TASK DIRECTIONS: All entries are to be printed again exactly, with their images omitted.

SOURCE DATA:
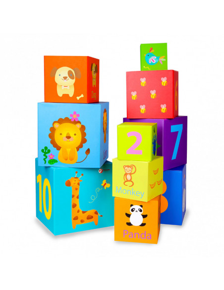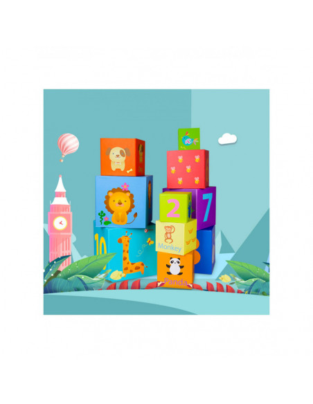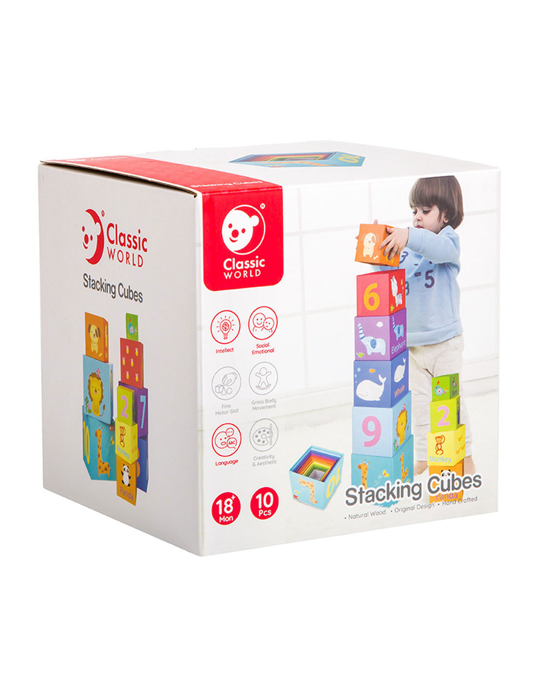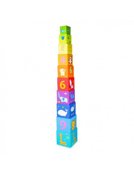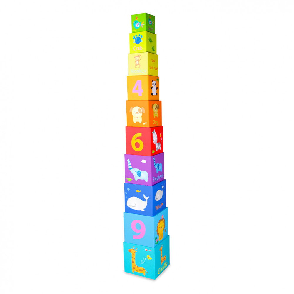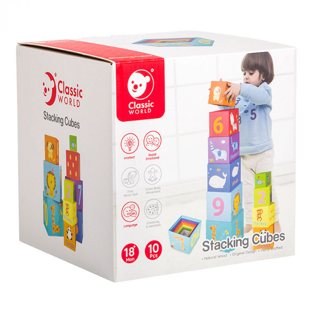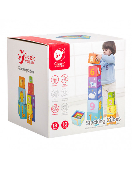 10 lichtgewicht stapelblokken met dieren- en cijferthema van Classic World. De blokken hebben verschillende formaten en kleuren en stimuleren ruimtelijk inzicht en de fijne motoriek. Gemaakt van ecologisch verantwoorde en kindvriendelijke materialen. Geschikt voor kinderen vanaf 18 maanden.
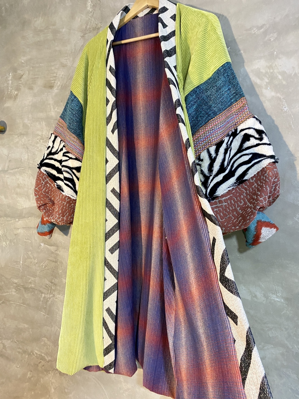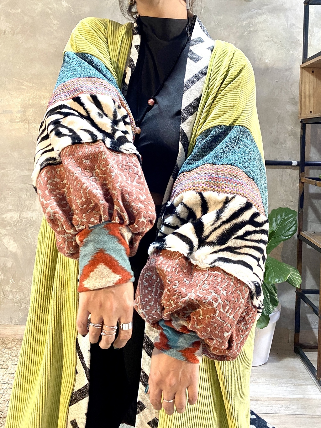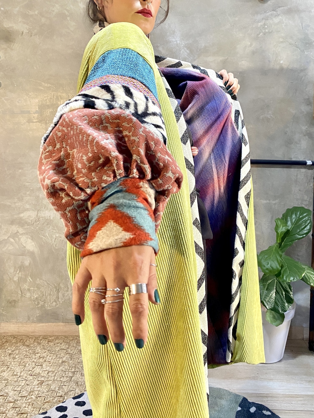 LADO A: Confeccionado em cotelê na cor limão e nas mangas upcycling de recortes têxteis em vários tecidos.
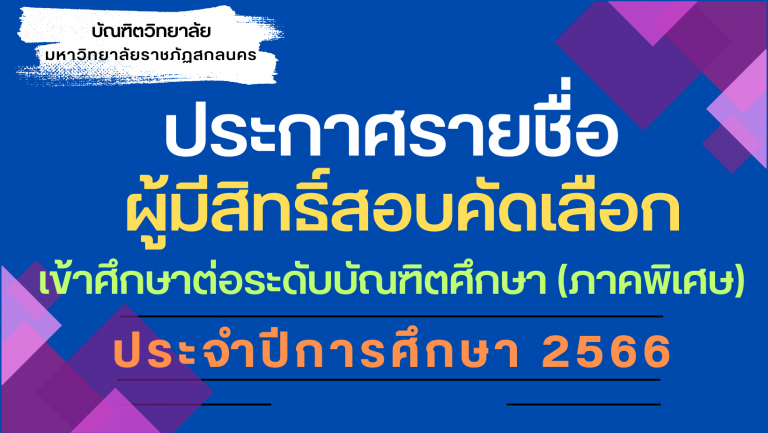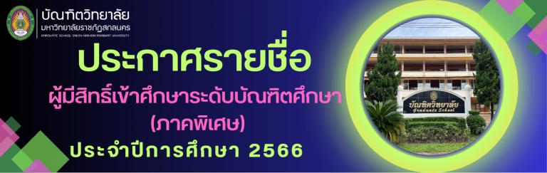 ประกาศมหาวิทยาลัยราชภัฏสกลนคร เรื่อง รายชื่อผู้มีสิทธิ์เข้าศึกษาต่อระดับบัณฑิตศึกษา (ภาคพิเศษ) ประจำปีการศึกษา 2566admin
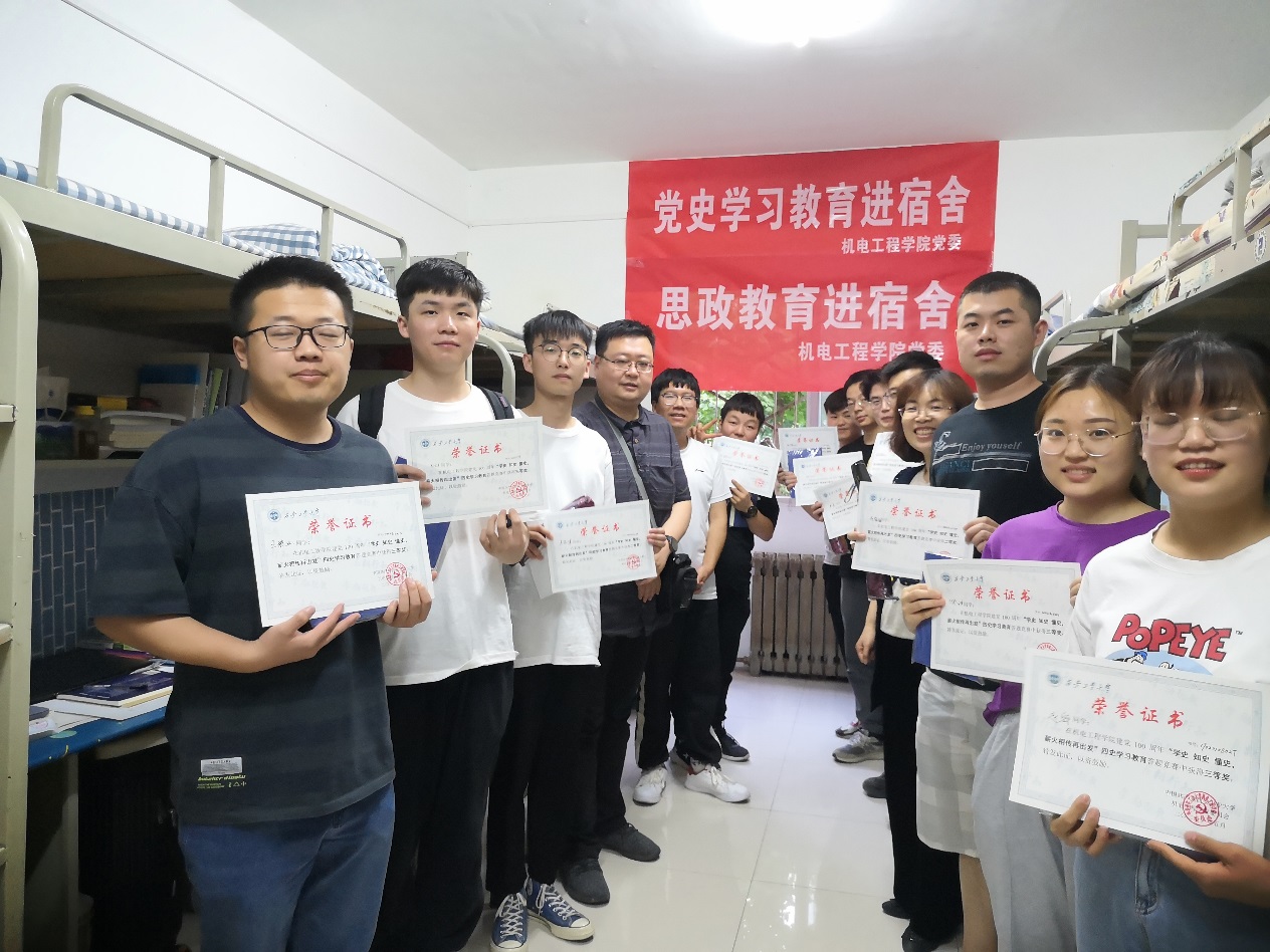 决赛在1公寓辅导员工作站进行,主持人介绍比赛规则,竞赛由快问快答和限时党史宣讲二个部分组成。经过激烈角逐后,李栋栋同学获得一等奖,吴家军、陈友曾、严晨、赵海越四位同学获得二等奖,其他同学分获三等奖及优秀奖。
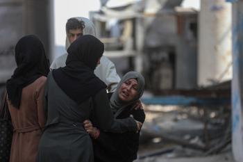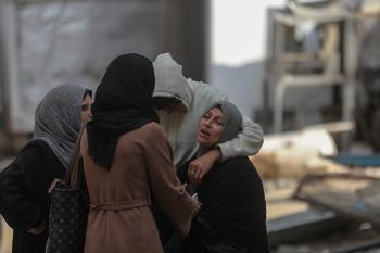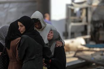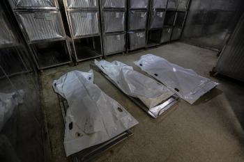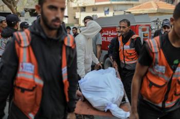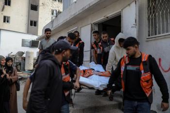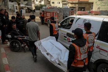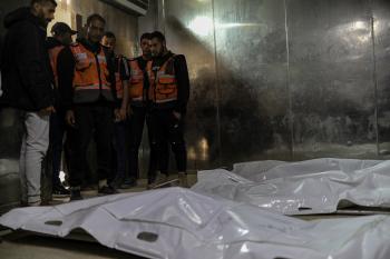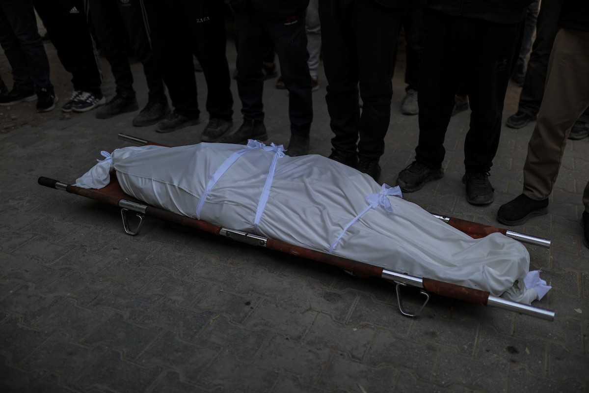 فلسطينيون ينعون ويحملون جثامين عدد من الشهداء في غارة إسرائيلية على بيت لاهيا، خلال جنازة في مستشفى الشفاء بمدينة غزة، 6 ديسمبر/كانون الأول 2025. تصوير: عمر أشتوي
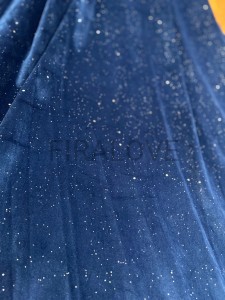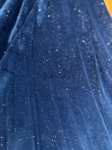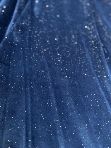 Tkanina welur niebieska ze srebrnym brokatem
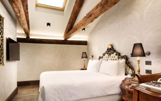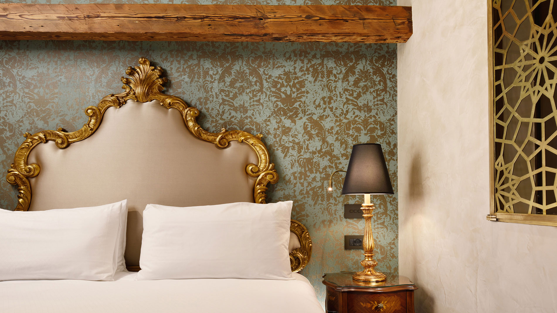 Complementi di lusso, parati in seta arabesque, marmi onice e pregiati pavimenti in rovere dark impreziosiscono gli ambienti raffinati e funzionali, ideali per un soggiorno alla scoperta di una Venezia inedita.

RESULT:
 10 lichtgewicht stapelblokken met dieren- en cijferthema van Classic World. De blokken hebben verschillende formaten en kleuren en stimuleren ruimtelijk inzicht en de fijne motoriek. Gemaakt van ecologisch verantwoorde en kindvriendelijke materialen. Geschikt voor kinderen vanaf 18 maanden.
 LADO A: Confeccionado em cotelê na cor limão e nas mangas upcycling de recortes têxteis em vários tecidos.
 ประกาศมหาวิทยาลัยราชภัฏสกลนคร เรื่อง รายชื่อผู้มีสิทธิ์เข้าศึกษาต่อระดับบัณฑิตศึกษา (ภาคพิเศษ) ประจำปีการศึกษา 2566admin
 决赛在1公寓辅导员工作站进行,主持人介绍比赛规则,竞赛由快问快答和限时党史宣讲二个部分组成。经过激烈角逐后,李栋栋同学获得一等奖,吴家军、陈友曾、严晨、赵海越四位同学获得二等奖,其他同学分获三等奖及优秀奖。
 فلسطينيون ينعون ويحملون جثامين عدد من الشهداء في غارة إسرائيلية على بيت لاهيا، خلال جنازة في مستشفى الشفاء بمدينة غزة، 6 ديسمبر/كانون الأول 2025. تصوير: عمر أشتوي
 Tkanina welur niebieska ze srebrnym brokatem
 Complementi di lusso, parati in seta arabesque, marmi onice e pregiati pavimenti in rovere dark impreziosiscono gli ambienti raffinati e funzionali, ideali per un soggiorno alla scoperta di una Venezia inedita.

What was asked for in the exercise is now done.